We also need to monitor custom metrics, like data quality and BigQuery writes, for individual customers. This requires namespaced metrics, a feature that Cloud Dataflow doesn’t currently support. This presented a very interesting and challenging problem: What’s the best way to monitor a fully managed, serverless service such as Cloud Dataflow?
Part of the challenge stems from the fact that we use Prometheus for metric collection and alerts for a lot of our internal systems, and Grafana for our metrics dashboards. Prometheus works on a pull model for metric collection, although it does provide a push gateway too. It requires the service it monitors to run a web endpoint, from which it periodically scrapes metrics. Therefore, ideally, the service needs to expose an HTTP endpoint that can be used for this purpose. This is not possible in Cloud Dataflow.
The Cloud Dataflow pipeline code is converted into an execution graph before it is deployed. (Find more about the execution graph and how a Cloud Dataflow job is deployed.) There’s no easy way to inject code to pipeline code such that each worker can run a web server as well. Even if we could expose a web server somehow, say by starting a web server in every transform and tearing it down when a transform wraps up, we would still have to expose the endpoints in multiple workers so that the Prometheus server could reach them. This is not a viable plan.

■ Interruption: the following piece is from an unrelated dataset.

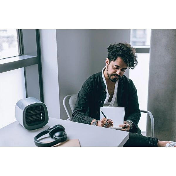 - Natural personal cooling; efficiently cools personal space using evaporative technology; ideal solution for hot, dry climates; unlike personal air conditioners, doesn’t use Freon-like liquids
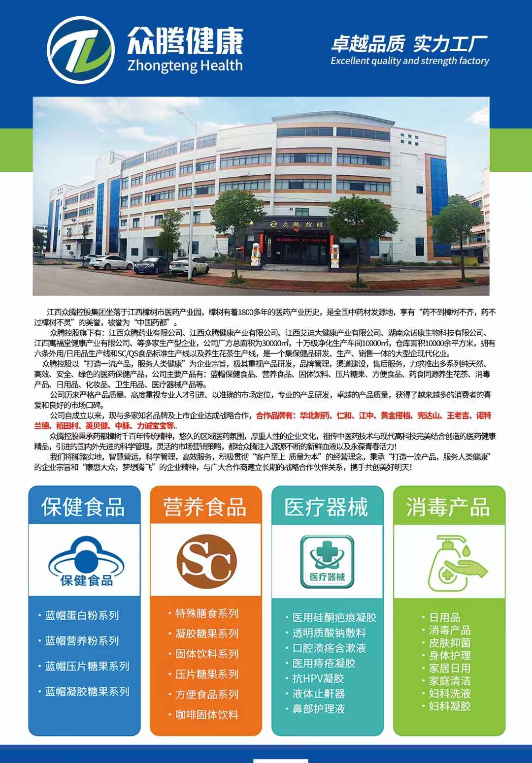 江西眾騰健康產(chǎn)業(yè)有限公司是食品、保健品、消毒用品、化妝品、原料等產(chǎn)品專業(yè)生產(chǎn)加工的公司,擁有完整、科學(xué)的質(zhì)量管理體系。江西眾騰健康產(chǎn)業(yè)有限公司的誠信、實(shí)力和產(chǎn)品質(zhì)量獲得業(yè)界的認(rèn)可。歡迎各界朋友蒞臨參觀、指導(dǎo)和業(yè)務(wù)洽談。

An easier solution is to somehow use a push model to send custom metrics to the Prometheus server. This is where StatsD exporter comes into play. The StatsD exporter takes in StatsD-style metrics and exposes an HTTP endpoint from which Prometheus can scrape the metrics, while also translating the StatsD metrics to Prometheus metrics using a configurable mapping. This allows us to add custom metrics to the data pipeline.
We tag and label the metrics in the pipeline code, for example by client ID and pipeline stage. Using the datadog statsd client, we then send them to the Prometheus gateway, which is an instance of StatsD exported running in a Google Kubernetes Engine (GKE) cluster. Our Prometheus server then scrapes the metrics from the gateway, allowing us to set up alarms and dashboards on the metrics, like we do for all the other services we monitor with Prometheus. You can easily abstract away the code for sending the metrics into a wrapper around the usual DoFn; that way, all the methods to record the metrics are available in the DoFn code and its “startBundle” method sets up and registers the metrics service. Problem solved! Here’s what it looks like:
This hybrid setup, with Stackdriver metrics, alerts and logs for general health and debugging, and Prometheus with StatsD exporter for custom client level metrics, covers all our monitoring and alerting needs for the core ingestion pipeline.